# Just wanted to say hi from Essex



## Ms.K (Apr 27, 2014)

I am new to the forum but not to the TT. Have owned mine since 2006 and still enjoy driving my little car as much today as I did when I first got her. Don't know why I haven't joined before but it's always better late than never!!


----------



## Lollypop86 (Oct 26, 2013)

Hai and Welcome!

J
xx


----------



## YELLOW_TT (Feb 25, 2004)

Welcome


----------



## princessjo (Apr 21, 2014)

Hi from Swindon - welcome


----------



## Hoggy (May 8, 2002)

Hi Ms.K, Welcome to the TTF.
Hoggy.


----------



## davelincs (Jan 1, 2010)

Welcome to the forum


----------



## jay.rees92 (Apr 23, 2014)

Hi and welcome 

Sent from my GT-I9300 using Tapatalk


----------



## jev (Jan 3, 2009)

Hi from Essex, mk1 v6 owner in dunmow area and I'm now on my 4th TT. Addicted possibly ! what colour is your car?


----------



## Ms.K (Apr 27, 2014)

Hello jev, 
Yes possibly a tad addicted but it's understandable so we'll let you off! I've only had the one, can't bear the thought of parting with her cos she's a little beauty - bright red with cream leather interior. Fantastic to drive and of course she's a manual.


----------



## jev (Jan 3, 2009)

I fell into the trap of changing to a mk2 last time and then realised it wasn't as unique as the old one, so back to this mk1

Well manuals unite then. My rare v6 manual is dolomite grey and has alcantara and leather seats.

Love a red car and that are the fastest colour always.

If I see a red TT'y with cream seas I will flash and honk, are you anywhere near dunmow? Could do with a another TT owner to wave at as I drive.


----------



## Ms.K (Apr 27, 2014)

Yes, the nice salesman did say that the shiny red cars go faster.
I'm liking the sound of the honking and flashing, it's always good to come across friendly TT drivers but it could prove a little tricky as I'm in the Maldon area. I will however, keep my eyes peeled for you in your rare TT should I venture your way.


----------



## jev (Jan 3, 2009)

Likewise if near maldon I will keep em peeled.


----------



## tictacs (May 7, 2014)

Hi and welcome


----------



## Lollypop86 (Oct 26, 2013)

Hai and Welcome!

J
xx


----------



## R111TTU (May 15, 2014)

Hello. Im from essex. 2001 TT owner aswell as a 2010 A3 and 2014 Q7.

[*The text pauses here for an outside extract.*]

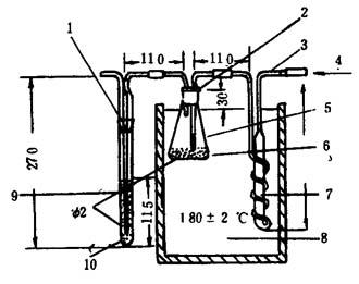 图10-7-4 ASTM793-49(70)化学滴定法测试装置 1-磨口玻璃塞或橡皮塞 2-橡皮塞 3-Φ6玻璃管 4-氮气入口 5-250毫升烧瓶 6-试样 7-预热器 8-油浴 9-NaOH吸收液4g/1 10-内径20

Im new to this and can see a addiction coming up.


----------



## Ms.K (Apr 27, 2014)

Seems as though you're rather partial to Audi's!!! Can't comment on the A3 or Q7 but the TT is a fab little car to drive. Welcome to the forum.


----------



## R111TTU (May 15, 2014)

Hi Ms.K

Yeh I am kind of a Audi fan since I bought the Mrs a A3 For her birthday and after driving her fathers Q7 we could no resist but to have one.

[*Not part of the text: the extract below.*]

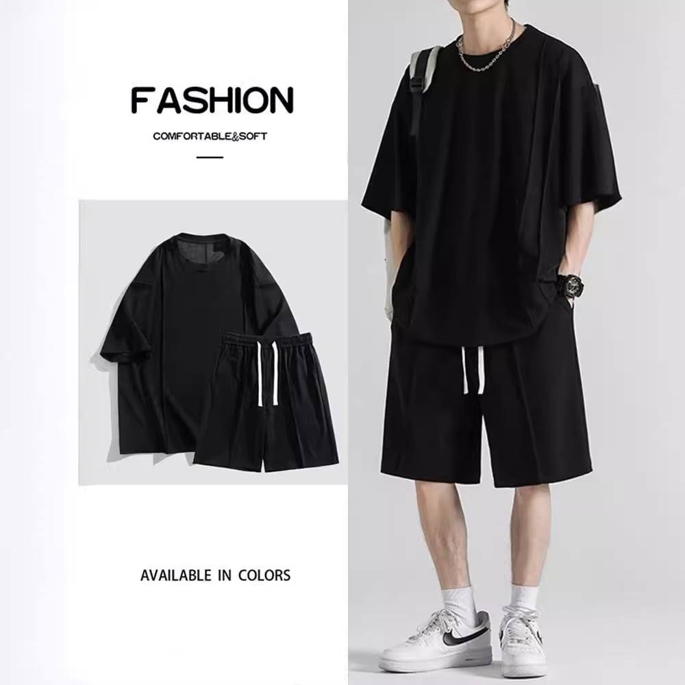 1?This 2024 new solid-color ice silk sports quick-dry couple's T-shirt leisure set is a perfect choice for men in summer.

As of my little blue tin (my TT) it was a friends and happened to drive it and immediately fell in love with it as it was soo much fun to drive and such a pleasure getting back to the good old fashion Manuel transmission. At that point my friend had just bought a new car and was going to put the TT on the market but instead said I could have it.

Has a ESP problem but will get it looked into when im back in the UK.

Looking forward to saving some cash and seeing what I can produce and also getting tips and tricks from the professionals on here.


----------



## Ms.K (Apr 27, 2014)

Enjoy!!


----------



## R111TTU (May 15, 2014)

Thank you


----------



## mattyallen13 (Nov 27, 2013)

Hello from Romford


----------



## R111TTU (May 15, 2014)

hey mattyallen13

Welcome.


----------



## Ms.K (Apr 27, 2014)

Yes welcome. I used to work in Romford and lived in Rush Green for a while.


----------